Holly Willoughby and Phillip Schofield in 2020. Gareth Cattermole/Getty

It’s astonishing how much airtime the Phillip Schofield business is getting, says Petronella Wyatt in The Daily Telegraph. Revelations about the former ITV presenter’s personal life, involving an “unwise” affair with a younger man, have “eclipsed the death of Martin Amis and the war in Ukraine”. Now, I’m hardly inclined to shed any tears for Schofield himself – an “unctuous dissembler” who once idiotically handed David Cameron, live on television, a list of supposed Tory paedophiles he’d found on the internet.

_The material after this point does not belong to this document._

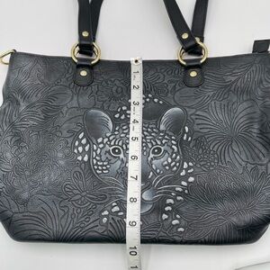 New Anuschka Tooled Leather Cleopatra's Leopard Tote Crossbody Bag with removable, Adjustable Strap. Item is new without tags. Unused. Comes with dust bag. No flaws to note. Smoke free, pet friendly home. Colors may vary based on lighting.
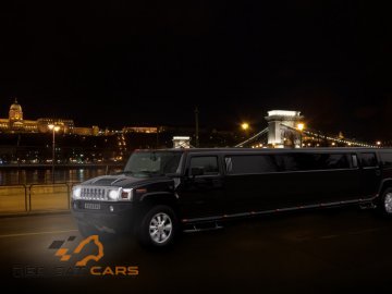 È vietato mangiare e portare cibo a bordo delle limousine. Lunghezza 11 metri, TV LCD + DVD, finestre oscurate, sedili in pelle, barre aggiuntive, iPod, USB. Il prezzo è per 1 ora. Per 2 ore: 320 Euro; 3 ore-420 euro; ore aggiuntive-100 euro. Al di fuori di Budapest supplemento di 1,5 euro/km. Trasferimento dall'aeroporto-245 euro. Trasferimento dall'aeroporto all'aeroporto - 240 Euro. Andata e ritorno - 385 euro.

But the past week has “held a mirror up to our collective faces”, and it isn’t flattering. “Since when have we become so trivial? Since when have we become so nasty?”

The whole sorry episode is a symptom of a deeper sickness: our “obsession with the sex lives of the famous”, and our desire to “devour them” when they inevitably fall foul of our changing mores. The “incorrigible gossips” who run ITV are as guilty as anyone – they must have known about their star presenter’s young lover. Our celebrity culture has become so rotten that its only honest impulse is the “urge to punish those of whom it has become agnostic”. So now Schofield must be “erased, Soviet-style”. But of course, it’s our fault – “we are the petri dish in which he was created”. Every age thinks it is more convulsed by ignorance and stupidity than the last, but you’d have to be “deaf and blind” to deny that we have lost something. “Just look at the dark world of light entertainment.”